=== Section Start ===

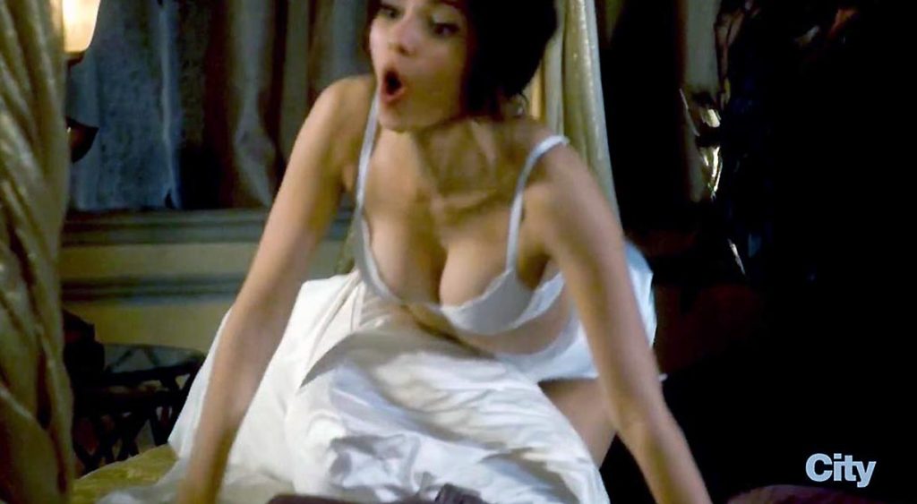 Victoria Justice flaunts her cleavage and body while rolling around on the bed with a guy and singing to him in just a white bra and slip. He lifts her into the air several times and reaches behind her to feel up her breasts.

=== Section End ===
=== Section Start ===

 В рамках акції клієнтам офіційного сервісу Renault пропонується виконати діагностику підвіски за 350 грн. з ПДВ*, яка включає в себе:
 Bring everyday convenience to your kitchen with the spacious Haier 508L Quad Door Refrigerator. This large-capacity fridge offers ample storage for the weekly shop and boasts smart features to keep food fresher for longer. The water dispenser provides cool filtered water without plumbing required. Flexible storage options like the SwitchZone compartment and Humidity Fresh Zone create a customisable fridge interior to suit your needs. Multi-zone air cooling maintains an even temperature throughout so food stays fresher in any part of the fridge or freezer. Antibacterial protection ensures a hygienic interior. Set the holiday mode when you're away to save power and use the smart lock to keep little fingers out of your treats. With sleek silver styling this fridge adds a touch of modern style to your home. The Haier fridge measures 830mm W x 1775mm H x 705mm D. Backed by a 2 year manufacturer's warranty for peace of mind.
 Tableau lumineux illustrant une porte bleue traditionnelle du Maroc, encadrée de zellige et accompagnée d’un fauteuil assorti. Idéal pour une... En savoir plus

=== Section End ===

Begin with the line that has "В рамках акції" in the listing above and end after the line that has "Bring everyday convenience"; output those lines exactly.

 В рамках акції клієнтам офіційного сервісу Renault пропонується виконати діагностику підвіски за 350 грн. з ПДВ*, яка включає в себе:
 Bring everyday convenience to your kitchen with the spacious Haier 508L Quad Door Refrigerator. This large-capacity fridge offers ample storage for the weekly shop and boasts smart features to keep food fresher for longer. The water dispenser provides cool filtered water without plumbing required. Flexible storage options like the SwitchZone compartment and Humidity Fresh Zone create a customisable fridge interior to suit your needs. Multi-zone air cooling maintains an even temperature throughout so food stays fresher in any part of the fridge or freezer. Antibacterial protection ensures a hygienic interior. Set the holiday mode when you're away to save power and use the smart lock to keep little fingers out of your treats. With sleek silver styling this fridge adds a touch of modern style to your home. The Haier fridge measures 830mm W x 1775mm H x 705mm D. Backed by a 2 year manufacturer's warranty for peace of mind.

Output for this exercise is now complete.